The equation predicts that the action of an antagonist can be overcome or surmounted by increasing the concentration of the agonist, wherein the magnitude of the concentration ratio of the agonist is only dependent on the concentration of the antagonist, assuming an orthosteric mode of binding.

Figure 2. Concentration response theoretical curves generated, in the presence of increasing concentration of an antagonist B, based on the Black and Leff model of Operational Efficacy.
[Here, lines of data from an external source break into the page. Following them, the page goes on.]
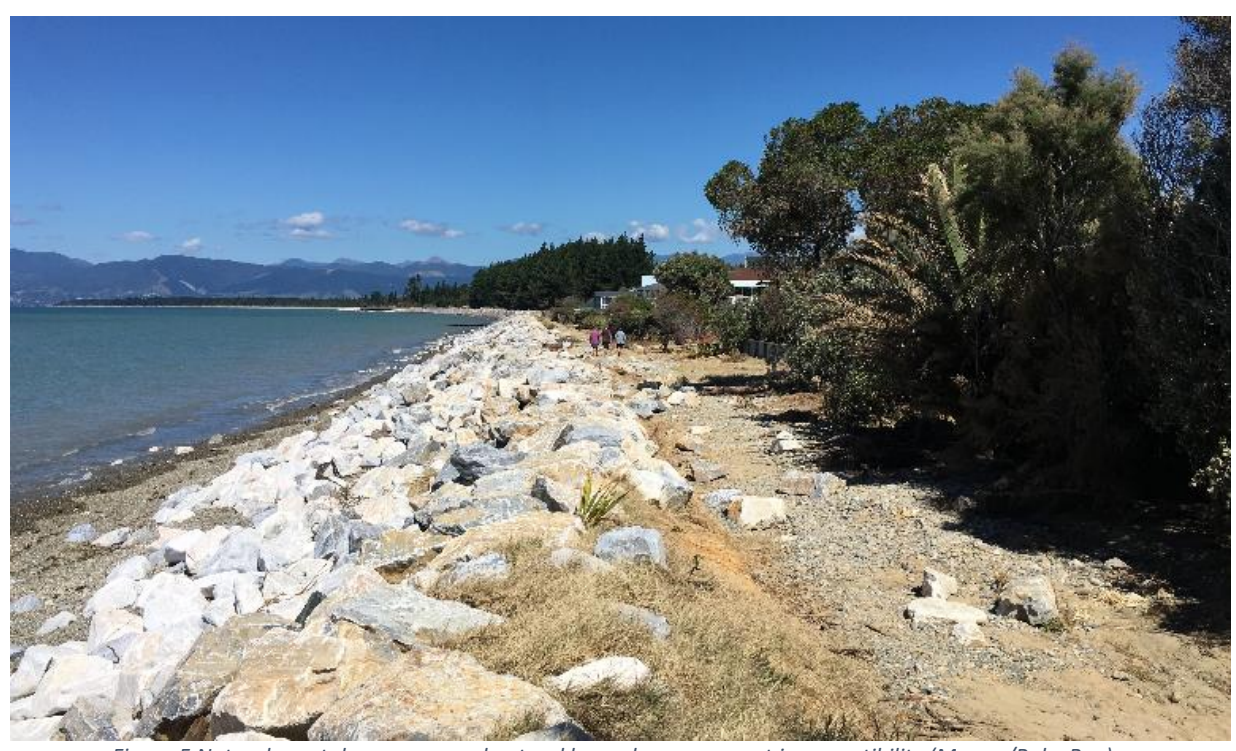
Figure 5 Natural coastal processes and natural hazard management incompatibility (Mapua/Ruby Bay)
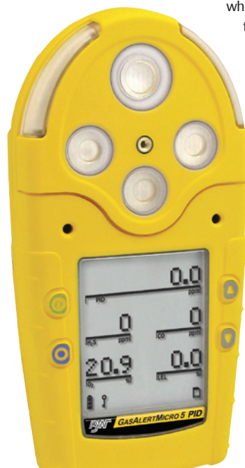
Figure 1: Compact multi-sensor instruments that include O 2 , LEL electrochemical toxic and miniaturized PID sensors are available in diffusion as well as motorized pump-equipped versions

The exposure limit in isobutylene units (EL iso ) is calculated by dividing the exposure limit (OEL) for the VOC by the correction factor (CF iso ) for the substance. The UK OEL for turpentine is 100 ppm. Thus, if the CF for turpentine
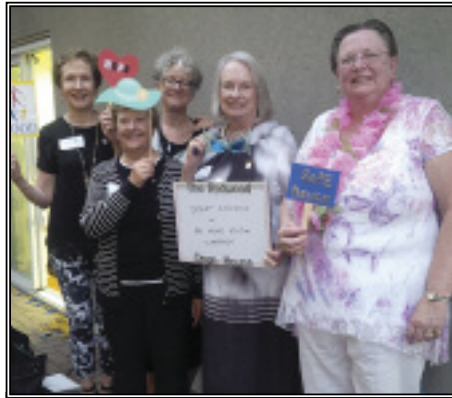
Attending an open house at The Redwood, Toronto, ON. This women's shelter was a recent recipient of an IODE 100 th Anniversary Grant.

New Governor General Julie Payette has been invited to accept the role as our Honorary President. A congratulatory letter has been sent to Her Majesty and Prince Phillip on the occasion of their 70 th Wedding Anniversary. A letter was also sent to extend heartiest congratulations to Her Majesty Queen Elizabeth II and His Royal Highness on the engagements of their grandson Prince Harry and Meghan Markle and their granddaughter Her Royal Highness Princess Eugenie of York and Mr.
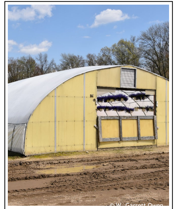
Figure 1. Example of an unheated high tunnel used for bedding plant production.

Bedding plants are commonly grown in greenhouses equipped with environmental controls used to manage and manipulate temperature, humidity, and light. While not all greenhouses may be outfitted with horticultural lights, most if not all contain heaters and exhaust fans utilized to heat and cool the growing environment. Advantages of heating and cooling the growing environment allow growers to control the rate of crop development such as leaf unfolding or the progression toward
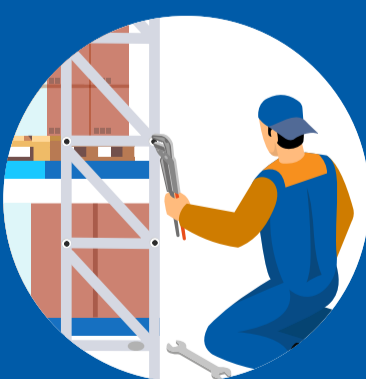
Expert facility services

When you can rely on your facility to operate efficiently — and with full staff — you can focus on meeting customer expectations. ABM services 70+ warehousing and distribution center clients nationwide. From managed staffing to preventive maintenance, we've got your back.
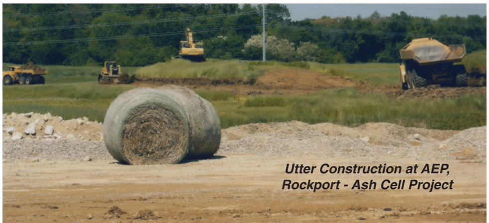
Utter Construction at AEP, Rockport - Ash Cell Project

State Group is doing maintenance and outage work at AGC with two operators. Sterling Boiler is picking up more maintenance work at AGC with three operators and has been doing outage work at A.B. Brown Power Plant with two to three operators this winter.
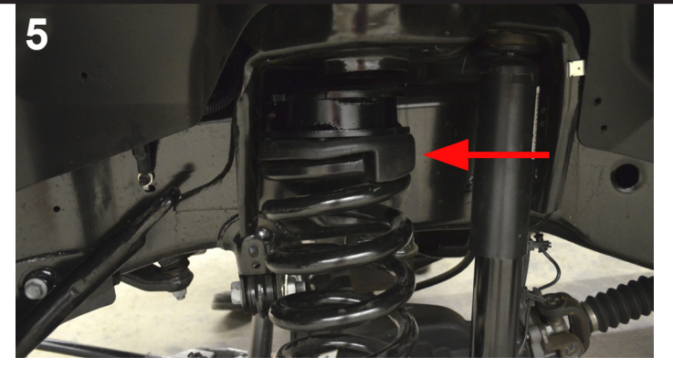
Install coil springs and Spacer back into vehicle, and raise the axle while guiding coil springs into place. Make sure the spring is orientated the same way as when it was removed.
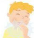
2 a cough
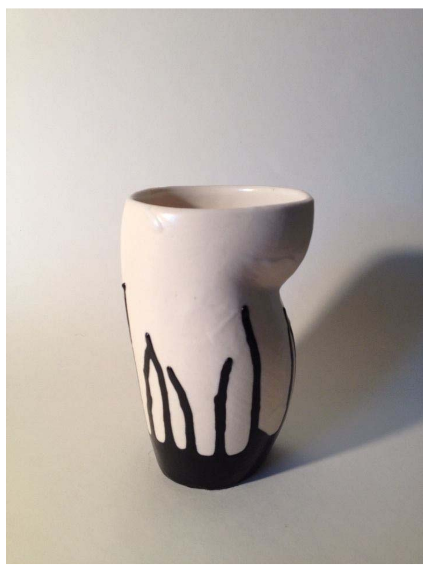
Figure 25: Tumbler.

The response is right shifted under increasing concentration of the antagonist [B]. Here the affinity of the agonist, $latexK_A$, and antagonist, $latexK_B$ was fixed at 1µM, [R_t] was fixed at a 100 and antagonist [B] titrated from 100 to 0.2. (A) Simulates the response with a low efficacy agonist, with $latexK_E$ = 100. (B) Simulates response with a high efficacy agonist, with $latexK_E$ = 1. (C) Simulates maximal stimulation by high intrinsic efficacy agonist ($latexK_E$ = 2.5) in a desensitized system (R_t = 50) whilst in the presence of an inhibitory concentration of antagonist B.